_Given data_:

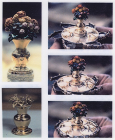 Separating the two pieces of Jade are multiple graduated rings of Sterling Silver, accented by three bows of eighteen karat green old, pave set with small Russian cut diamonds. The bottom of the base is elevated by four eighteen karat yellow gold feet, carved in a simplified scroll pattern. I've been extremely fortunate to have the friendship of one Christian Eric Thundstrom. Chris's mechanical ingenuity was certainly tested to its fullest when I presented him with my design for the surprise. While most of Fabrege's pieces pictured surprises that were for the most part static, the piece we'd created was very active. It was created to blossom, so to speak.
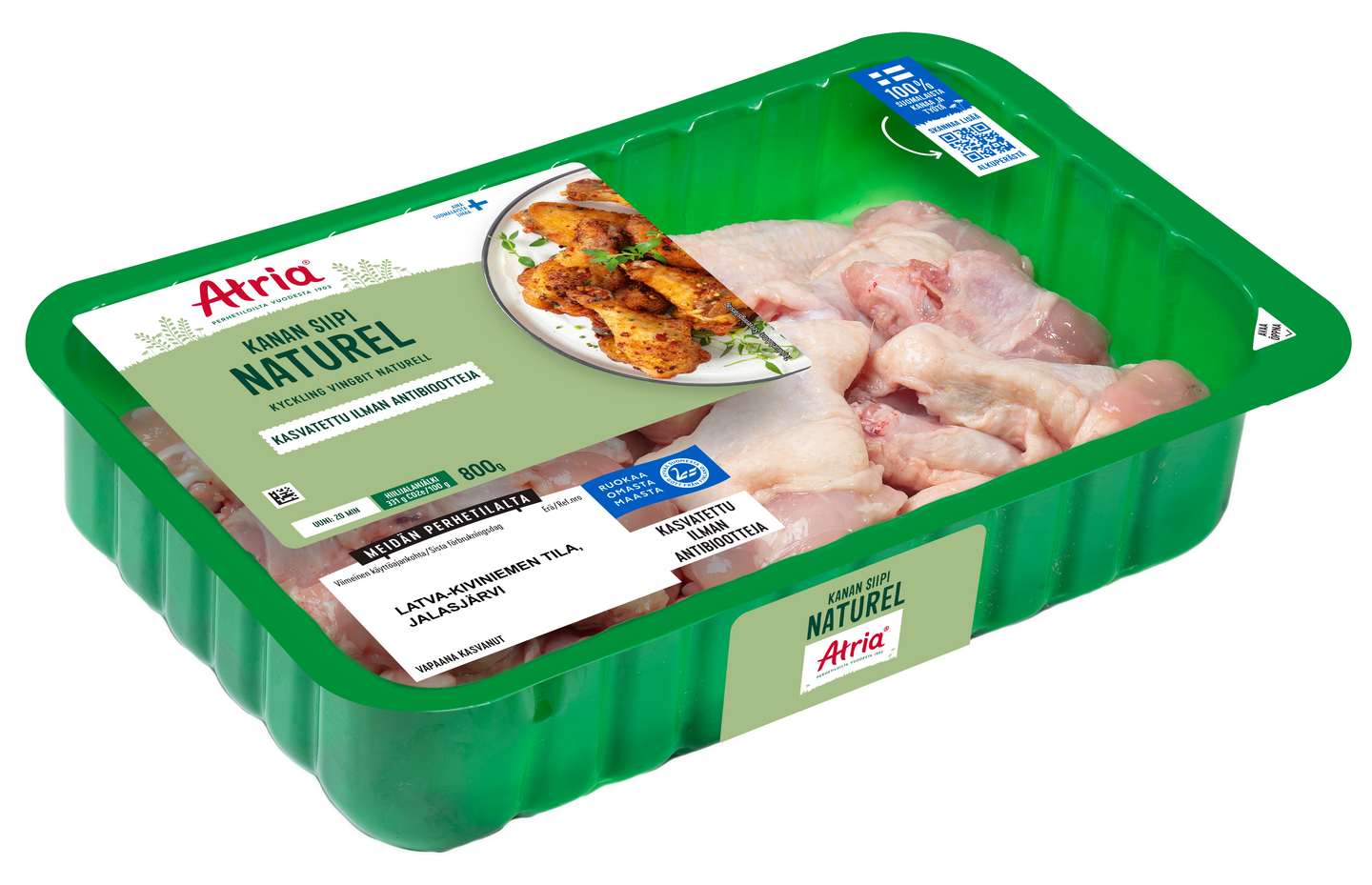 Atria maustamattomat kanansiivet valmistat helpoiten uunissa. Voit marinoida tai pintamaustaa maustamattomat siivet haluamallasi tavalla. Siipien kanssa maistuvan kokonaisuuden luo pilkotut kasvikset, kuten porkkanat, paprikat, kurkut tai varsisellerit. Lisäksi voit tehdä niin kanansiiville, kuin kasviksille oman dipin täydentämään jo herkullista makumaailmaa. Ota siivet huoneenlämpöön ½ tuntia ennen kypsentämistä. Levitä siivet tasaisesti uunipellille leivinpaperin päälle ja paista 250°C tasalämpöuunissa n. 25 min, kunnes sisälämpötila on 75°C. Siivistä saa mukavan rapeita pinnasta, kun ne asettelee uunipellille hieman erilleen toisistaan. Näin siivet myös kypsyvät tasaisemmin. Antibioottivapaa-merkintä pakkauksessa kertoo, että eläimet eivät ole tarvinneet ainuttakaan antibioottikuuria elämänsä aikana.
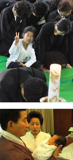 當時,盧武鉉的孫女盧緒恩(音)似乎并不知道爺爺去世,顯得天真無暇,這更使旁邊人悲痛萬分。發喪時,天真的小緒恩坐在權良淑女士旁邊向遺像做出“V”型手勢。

_What you have to do_:
Images are to be left out; everything else in the material must be written out exactly.

_Written response_:
 Separating the two pieces of Jade are multiple graduated rings of Sterling Silver, accented by three bows of eighteen karat green old, pave set with small Russian cut diamonds. The bottom of the base is elevated by four eighteen karat yellow gold feet, carved in a simplified scroll pattern. I've been extremely fortunate to have the friendship of one Christian Eric Thundstrom. Chris's mechanical ingenuity was certainly tested to its fullest when I presented him with my design for the surprise. While most of Fabrege's pieces pictured surprises that were for the most part static, the piece we'd created was very active. It was created to blossom, so to speak.
 Atria maustamattomat kanansiivet valmistat helpoiten uunissa. Voit marinoida tai pintamaustaa maustamattomat siivet haluamallasi tavalla. Siipien kanssa maistuvan kokonaisuuden luo pilkotut kasvikset, kuten porkkanat, paprikat, kurkut tai varsisellerit. Lisäksi voit tehdä niin kanansiiville, kuin kasviksille oman dipin täydentämään jo herkullista makumaailmaa. Ota siivet huoneenlämpöön ½ tuntia ennen kypsentämistä. Levitä siivet tasaisesti uunipellille leivinpaperin päälle ja paista 250°C tasalämpöuunissa n. 25 min, kunnes sisälämpötila on 75°C. Siivistä saa mukavan rapeita pinnasta, kun ne asettelee uunipellille hieman erilleen toisistaan. Näin siivet myös kypsyvät tasaisemmin. Antibioottivapaa-merkintä pakkauksessa kertoo, että eläimet eivät ole tarvinneet ainuttakaan antibioottikuuria elämänsä aikana.
 當時,盧武鉉的孫女盧緒恩(音)似乎并不知道爺爺去世,顯得天真無暇,這更使旁邊人悲痛萬分。發喪時,天真的小緒恩坐在權良淑女士旁邊向遺像做出“V”型手勢。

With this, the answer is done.